All covenants, agreements, representations and warranties made by any party in this Agreement shall
be considered to have been relied upon by the other parties hereto and shall survive the execution
and delivery of this Agreement. This Agreement shall continue in full force and effect
notwithstanding the commencement of any Insolvency or Liquidation Proceeding against the Company or
any of the Subsidiaries.

     SECTION 7.05. Counterparts. This Agreement may be executed in counterparts, each of
which shall constitute an original but all of which when taken together shall constitute a single
contract. Delivery of an executed signature page to this Agreement by facsimile or other

28

 

electronic transmission shall be as effective as delivery of a manually signed counterpart of this
Agreement.

     SECTION 7.06. Severability.
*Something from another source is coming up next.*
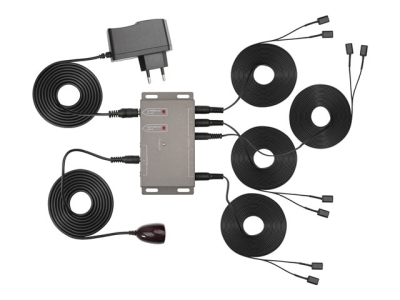 Förpacknings innehåll | IR-mottagare, kontrollenhet, 4 IR-sändare |

Any provision of this Agreement held to be invalid,
illegal or unenforceable in any jurisdiction shall, as to such jurisdiction, be ineffective to the
extent of such invalidity, illegality or unenforceability without affecting the validity, legality
and enforceability of the remaining provisions hereof; and the invalidity of a particular provision
in a particular jurisdiction shall not invalidate such provision in any other jurisdiction. The
parties shall endeavor in good-faith negotiations to replace the invalid, illegal or unenforceable
provisions with valid provisions the economic effect of which comes as close as possible to that of
the invalid, illegal or unenforceable provisions.

     SECTION 7.07. Governing Law. This Agreement shall be construed in accordance with and
governed by the law of the State of Michigan.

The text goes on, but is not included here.